We proceed to build and train a suite of models to predict potential TOS violations within the text input. The following models were built, trained and evaluated:

Baseline Models

  1. Multinomial NaiveBayes Classifier
  2. PassiveAggressive Classifier
  3. XGBoost Classifier

The baseline models training notebook can be found at model_building/baselines/baseline_models.ipynb.

Deep Learning Models

  1. Convolutional Neural Network (CNN)
  2. Gated Recurrent Unit
  3. Long Short-term Memory
  4. Basic Transformer
  5. Bidirectional Encoder Representations from Transformers (BERT)
  6. RoBERTa
  7. hateBERT (multiple varients)

The respective deep learning models training notebooks can be found at model_building/xxx/xxx.ipynb.

Model Precision Recall F1
Multinomial Naive Bayes 0.27 0.17 0.20
PassiveAggressive 0.67 0.55 0.60
XGBoost 0.79 0.42 0.53
CNN 0.33 0.31 0.32
GRU 0.33 0.34 0.33
LSTM 0.32 0.32 0.32
Basic Transformer 0.68 0.52 0.55
BERT 0.85 0.65 0.70
RoBERTa 0.80 0.63 0.68
hateBERT variant 1 0.79 0.79 0.79
hateBERT variant 2 0.89 0.77 0.82
hateBERT variant 3 0.81 0.69 0.72

From initial testing, we observed that hateBERT performs the best for our task and given dataset. To increase robustness in evaluation, we further conducted a 10-fold Cross Validation on individual targets for the hateBERT model using variant 2.
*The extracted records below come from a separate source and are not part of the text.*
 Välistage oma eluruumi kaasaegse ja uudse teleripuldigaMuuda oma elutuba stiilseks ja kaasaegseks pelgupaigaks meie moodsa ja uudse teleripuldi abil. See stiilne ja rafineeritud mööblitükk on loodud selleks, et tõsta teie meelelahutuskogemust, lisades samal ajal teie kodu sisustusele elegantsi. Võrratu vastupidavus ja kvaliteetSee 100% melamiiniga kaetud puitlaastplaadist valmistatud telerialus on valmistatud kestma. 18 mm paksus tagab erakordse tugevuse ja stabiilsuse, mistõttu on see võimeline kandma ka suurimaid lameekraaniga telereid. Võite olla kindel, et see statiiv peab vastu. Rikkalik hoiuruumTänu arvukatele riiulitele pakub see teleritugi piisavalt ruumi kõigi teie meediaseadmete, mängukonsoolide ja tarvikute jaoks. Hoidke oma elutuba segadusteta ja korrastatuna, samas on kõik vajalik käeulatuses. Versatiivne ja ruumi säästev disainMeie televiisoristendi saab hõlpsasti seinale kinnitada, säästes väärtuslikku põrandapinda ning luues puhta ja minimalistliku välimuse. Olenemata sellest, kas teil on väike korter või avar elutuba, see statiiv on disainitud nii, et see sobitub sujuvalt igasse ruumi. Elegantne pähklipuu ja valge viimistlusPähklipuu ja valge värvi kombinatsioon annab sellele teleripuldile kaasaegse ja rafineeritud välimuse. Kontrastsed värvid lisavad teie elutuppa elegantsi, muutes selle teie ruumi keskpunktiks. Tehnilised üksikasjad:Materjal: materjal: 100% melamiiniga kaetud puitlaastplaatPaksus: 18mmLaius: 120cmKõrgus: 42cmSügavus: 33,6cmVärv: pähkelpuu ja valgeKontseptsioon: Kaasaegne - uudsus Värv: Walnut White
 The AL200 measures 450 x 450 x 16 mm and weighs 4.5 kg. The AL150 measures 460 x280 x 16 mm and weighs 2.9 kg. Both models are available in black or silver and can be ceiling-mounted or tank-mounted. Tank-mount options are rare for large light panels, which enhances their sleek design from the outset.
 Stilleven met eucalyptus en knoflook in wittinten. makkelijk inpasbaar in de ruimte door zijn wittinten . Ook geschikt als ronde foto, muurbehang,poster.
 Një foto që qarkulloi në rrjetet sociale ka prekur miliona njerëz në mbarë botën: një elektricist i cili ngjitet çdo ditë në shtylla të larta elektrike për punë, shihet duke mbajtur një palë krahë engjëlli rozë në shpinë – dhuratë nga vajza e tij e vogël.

Model Precision Recall F1 n
Hate Speech 0.94 0.95 0.94 1958
Privacy 0.66 0.73 0.69 26
Sexual 0.67 0.57 0.61 46
Impersonation 0.60 0.46 0.52 26
Illegal 0.50 0.57 0.53 28
Advertisement 0.78 0.83 0.80 47
AI Content 0.98 0.98 0.98 684
Neutral 0.94 0.93 0.94 2175

The model weights of the hateBert has been saved for future deployment. It is stored at analysis_system/models/final_model_weights_full.pth

(back to top)

Deployment Layer

Product 1: Automatic Post Analysis Dashboard for Content Moderators

The first product was built using Streamlit, an open-source framework that allows developers to rapidly develop web applications for data science purposes.
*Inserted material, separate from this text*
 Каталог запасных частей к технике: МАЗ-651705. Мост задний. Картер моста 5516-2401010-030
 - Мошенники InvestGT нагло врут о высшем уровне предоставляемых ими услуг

To run the Automatic Post Analysis Dashboard, execute the following code in the CLI:

streamlit run analysis_system/Home.py

⚠️ Ensure that you have the Streamlit package installed! Do install the requirements via the requirements.txt if you have not done so!

The application should run on http://localhost:8501/.

Alternatively, you may access the deployed version here.

The structure of the Automatic Post Analysis Dashboard for Content Moderators

📦analysis_system
 ┣ 📂assets
 ┃ ┣ 📜capy.png
 ┃ ┣ 📜logo-colour.png
 ┃ ┗ 📜logo-white.png
 ┣ 📂cache_files
 ┃ ┗ 📜stopwords.txt
 ┣ 📂data_store
 ┃ ┣ 📂feedback
 ┃ ┃ ┗ 📜feedback.csv
 ┃ ┗ 📂scraped
 ┃ ┃ ┗ 📜reddit_content.csv
 ┣ 📂functions
 ┃ ┣ 📂__pycache__
 ┃ ┃ ┣ 📜content_explorer.cpython-39.pyc
 ┃ ┃ ┣ 📜DS.cpython-39.pyc
 ┃ ┃ ┣ 📜model_inference.cpython-39.pyc
 ┃ ┃ ┣ 📜SingleClassifier.cpython-39.pyc
 ┃ ┃ ┗ 📜text_preprocessing.cpython-39.pyc
 ┃ ┣ 📜content_explorer.py
 ┃ ┣ 📜DS.py
 ┃ ┣ 📜model_inference.py
 ┃ ┣ 📜polarity_analysis.py
 ┃ ┣ 📜reddit_scraper.py
 ┃ ┣ 📜SingleClassifier.py
 ┃ ┗ 📜text_preprocessing.py
 ┣ 📂models
 ┃ ┣ 📜final_model_weights_full.pth
 ┃ ┗ 📜PassiveAggressiveClassifier_model_dict.pkl
 ┣ 📂pages
 ┃ ┣ 📜1__Content_Explorer.py
 ┃ ┣ 📜2__Content_Classification.py
 ┃ ┗ 📜3__Sentiment_Polarity_Analysis.py
 ┣ 📂utils
 ┃ ┣ 📂__pycache__
 ┃ ┃ ┣ 📜design_format.cpython-39.pyc
 ┃ ┃ ┗ 📜utility.cpython-39.pyc
 ┃ ┣ 📜design_format.py
 ┃ ┗ 📜utility.py
 ┣ 📜Home.py
 ┗ 📜requirements.txt

Product 2: Text Classification for Common Users

The second product was built using Django, another framework that enables developers to build web apps rapidly.

To run the Text Classification for Commun Users application, execute the following code in the CLI:

python Platform/manage.py runserver

⚠️ Ensure that you have Django installed! Do install the requirements via the requirements.txt if you have not done so!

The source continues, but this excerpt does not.